Immaginate. La macchina su cui viaggiate, un vecchio fuoristrada un po' scassato,
sta procedendo lungo una strada sconnessa e polverosa. D'un tratto arrivate a un incrocio senza alcuna indicazione. Non un cartello, niente. Il GPS non funziona. Voi venite da un lungo viaggio da Addis Abeba e dovete arrivare al confine col Kenya e poi a Nairobi. Non avete però idea da che parte dovete girare.

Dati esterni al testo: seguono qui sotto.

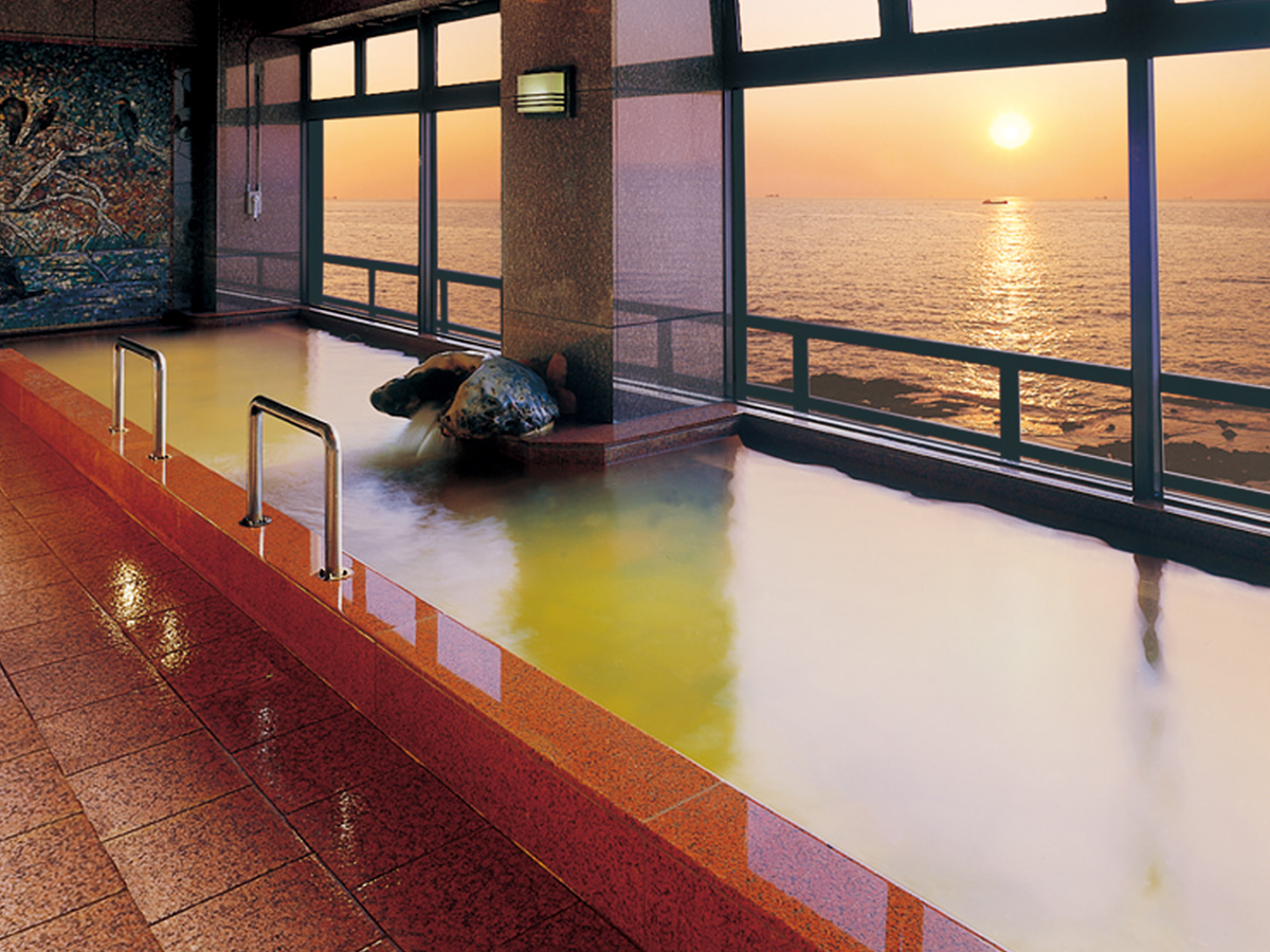B内海、山海、豊浜の3つの温泉を「南知多温泉郷」と呼びます。県内一の湯量を誇る温泉郷で、国道247号線の海岸沿いに温泉宿が点在し、そこから見る海は絶景です。特に、夕日の沈む時間帯は、伊勢志摩が赤く染まり、なんとも言えない美しさなんですよ。
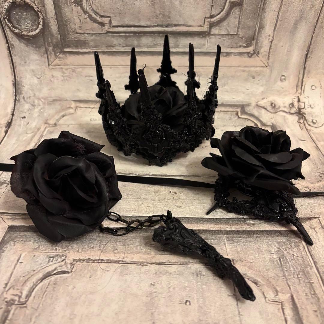 王冠ヘッドドレス+眼帯+リングの3点セットになりま
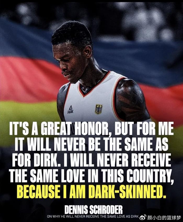 就在欧洲杯之前,施罗德谈到自己带领德国队拿到世界杯冠军且获得MVP,他这样说道:这是一个巨大的荣誉,但我永远无法获得跟德克同样的尊重,就因为我的肤色是黑色。言犹在耳令人十分难过,施罗德为了德国男篮已经付出一切。
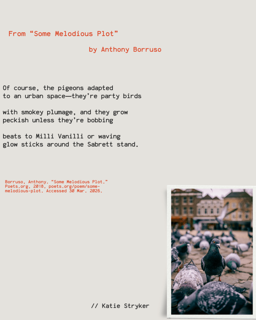 There was something playful about Anthony Borruso’s “Some Melodious Plot” that drew my attention. Perhaps it was the absurdity of the quote that introduces his poem, something lifted from a Official Birds Aren’t Real Informational Van Bumper Sticker. At times, I can’t tell if the “birds aren’t real” folk are true conspiracy theorists or if a meme gained a life of its own, grew legs, and continues to walkabout this world. Either way, during all the chaotic news stories this world has to offer, it is always fun to take a pause.
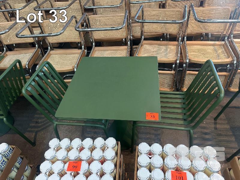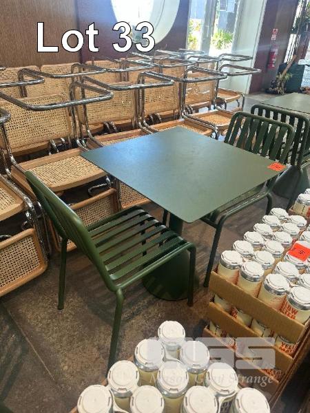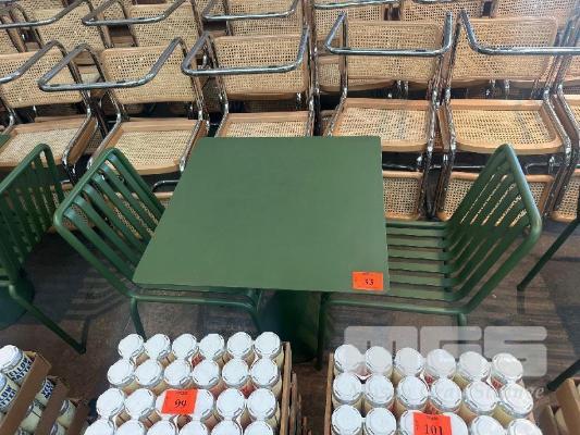 HAY CAFE TABLE, 650 x 650 x 740mm (H), STEEL FRAME & TOP, OLIVE GREEN, CONCRETE PEDESTAL BASE & 2 x HAY CHAIRS
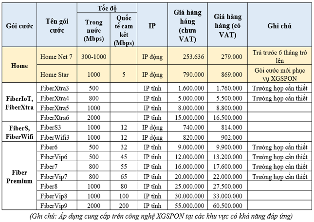 Lưu ý: Các gói cước Home Net7, Home Star, FiberS3, FiberWifi3 không cung cấp địa chỉ IP tĩnh
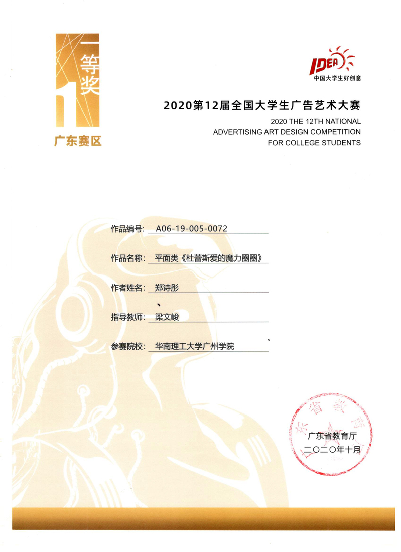 郑诗彤获广东赛区一等奖
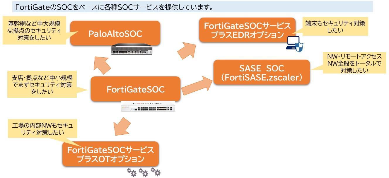 ICT24-SOCでは、FortiGateなど、各種の監視対象機器に対応して、各種のSOCメニュを用意しております。

Per fortuna c'è un chiosco, a bordo strada, dove un uomo vende bibite fresche. Ne comprate una e sporgendovi dal finestrino gli chiedete "Per Nairobi a sinistra?" L'uomo sorride, annuisce, indica a sinistra e dice "Si" Voi ringraziate e ripartite. Dopo una cinquantina di chilometri vi accorgete di aver sbagliato strada, e che avreste dovuto girare a destra. Maledite l'uomo del chiosco e guardando il GPS cercate di capire come recuperare la situazione. Che cosa è successo? È successo che in molte culture, fra cui diverse in Africa, ad una domanda posta come quella che avete fatto voi, che richiede solo una conferma, è ritenuto scortese rispondere negativamente, smentendo così l'interlocutore. Quindi chiunque vi risponderà sempre di sì per non mancarvi di rispetto. Questa abitudine è diffusa, ad esempio, anche in Cina, e per questo molti dirigenti occidentali si trovano in difficoltà quando chiedono ai loro dipendenti se hanno fatto un determinato lavoro, o se trovano giusta l'idea che hanno appena avuto. Un'altra scena. Siete un europeo, magari di un paese del nord, e vi hanno invitato a parlare ad un convegno negli Stati Uniti. Vi apprestate a salire sul palco. Il presentatore prende il microfono e vi annuncia. Rimanete sorpresi, e un po' spiazzati quando lo sentite dire che siete un grandissimo esperto, uno dei più grandi specialisti del settore, una mente geniale. Adesso sì che siete nervosi, con tutte queste aspettative. Ribaltiamo la situazione: siete americani, siete a una conferenza in Europa. Il presentatore vi annuncia. Dice chi siete, qual è il vostro percorso accademico, le vostre pubblicazioni e poi vi lascia il microfono. Come, non siete un genio? Il più grande esperto di tutti? Siete delusi. Niente di grave. È semplicemente accaduto che, mentre negli Stati Uniti è normale esagerare, descrivendo cose e persone con superlativi, o come i migliori, "the best”, di tutti, in Europa, soprattutto al nord, è comune, essere molto più moderati.
Potremmo descrivere altre mille situazioni simili: provate a ricordare a un
mussulmano che “Allora ci vediamo domani alle 9:00”. Probabilmente vi risponderà "Inshallah" (se Dio vuole). E voi penserete: “No, abbiamo fissato ora e luogo. Devi esserci!” Come vedete, dunque, le possibili faglie su cui si possono generare dei terremoti culturali sono pressoché infinite. Ma come si fa, allora, ad evitare questi incidenti. Ci sono alcune competenze fondamentali che tutti possiamo sviluppare: 1. Saper osservare: l’osservazione deve essere un’attività intenzionale tramite cui ci distacchiamo sia dai nostri valori che dalla situazione stessa, per contemplarla in modo oggettivo. 2. Saper relativizzare: dobbiamo capire ogni comportamento cosa mette in gioco e come esso è percepito nel sistema di valori dell’altro. 3. Saper ascoltare: ovvero ascoltare attivamente, cercando di capire perchè comportamenti per noi irragionevoli sono per l’altro assolutamente normali. 4. Saper comunicare emotivamente: riconoscere le emozioni proprie e dell’altro, e saperle comunicare ed ascoltare è fondamentale. 5. Saper negoziare i significati: forse l’abilità principale. una volta messe in pratica tutte le precedenti, è necessario saper costruire, assieme all’altro un sistema comune di valori e significati condivisi. La grande opportunità che, quindi, ci offre la comunicazione interculturale è quella di conoscere gli altri e, attraverso di loro, scoprire anche noi stessi.